General Posting Statistics
I used all the posts from scobleizer.com, from the time he switched to Wordpress.com (1/10/05) including the “Hello World” post, till 22/12/06, or the time during which he didn’t post for two days. That gives us 447 days of blogging, which equals to 2405 posts, at an average of 5.3 posts a day.
What’s a statistics post without graphs? I’ll forewarn you that today’s charts aren’t pretty interesting. Here’s our first:

That worm’s pretty straight. So straight, that after September, I could barely see the straight trend line I drew! So, though a bit rough in the early days, it has pretty much stabilized now.
General Links Statistics
In those 2405 posts, he’s linked to 4992 pages, 4321
of them unique, spread out across 1858 domains(including subdomains). That gives you an average of 11.16 links a day and 2 links a post, with 86% of links being unique.
I love graphs!

Dang, another straight line! A slight drop in linking frequency at May-06 to Sep-06, but then it’s resumed to normal propotions.
General Word Usage Statistics
He used 464,078 words in all, at an average of 192 words a post and 1038 words a day. He however used only 14,898 unique words, including derivatives, meaning that each word repeated, on average, 31
times. In contrast, Shakespeare used 884,647 words in all, of which 31,534 were unique, and repeated each word 28 times on average[source]. Translation: Shakespeare knew twice as many words, but Scoble wrote as much as half of all Shakespeare in a year and a half! I guess that maybe if I had considered his full blogging career, he might’ve surpassed Shakespeare in quantity, but…
One more Graph!

Another Straight line! So, the number of words he’s using is pretty constant.

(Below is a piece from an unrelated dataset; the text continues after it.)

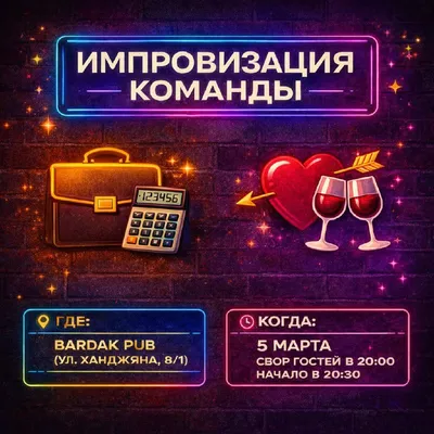 🎭 ИМПРОВИЗАЦИЯ КОМАНДЫ | 5 марта Две команды комиков выходят на сцену, чтобы забрать главный приз и аплодисменты. Любимчики зала и новые лица, много азарта и ни одной заготовки. Всё рождается прямо

There’s a small cliff in September, where he started writing bigger posts, before getting back to his normal routine of smaller posts…
General Character Usage Statistics
2,103,816 Characters (or more precisely, Unicode Code Points) were used by him, including spaces, full stops, and all sorts of punctuation. That makes an average of 874 characters a post, 4706 characters a day. Poor keyboard. Poor Fingers.:) He used an average of 4 characters a word, which seems okay to me. This excludes HTML markup.
Unicode Code Points

Yippee!! Another Straight Line!
That ends it for today. As I said, today’s post is pretty tame. As my Math teacher once said, Data is not interesting: Information is. Today’s post is data. Coming posts are information:D
Lot more charts to come!
You know those teasers they air at the end of every episode of most Animes? Here’s the equivalent:
Teasers
- Scoble linked more to Ze Frank than to Scoble Show
(The domain, that is. It redirects to podtech) - Before Joining PodTech, he’s linked only 7 times to Pod Tech. Today, PodTech is at #3 in the total number of links, and is actually #2 if you count in links to scobleshow.com, which redirect to PodTech.
- In a move that confounds me, he had more closing parenthesis than opening ones!
- The top ten sites he links to make up about one fifth of his total links.
- He has linked more to typepad.com hosted blogs than any other. Livejournal blogs are so low on the list you’d think they barely exist.
- Wordpress’s WYSIWYG editor saved him and his keyboard quite a lot of keystrokes. A lot.
- He used the word Microsoft more than the word Google:D
- He used the word I about twice as much as the word You. That egoistical bastard:D
Part I coming soon!
Any guesses on the most linked to site?
P.S. Incase you are wondering, I did respect the robots.txt file at scobleizer.com.
P.P.S: I have a whole mountain of data, and am pretty short on Ideas on what to do with it. Any suggestions?
P.P.P.S: Scoble’s now busy with a political campaign. Let’s see how long it takes till he finds this post by an almost unknown Z-lister (if he ever does!)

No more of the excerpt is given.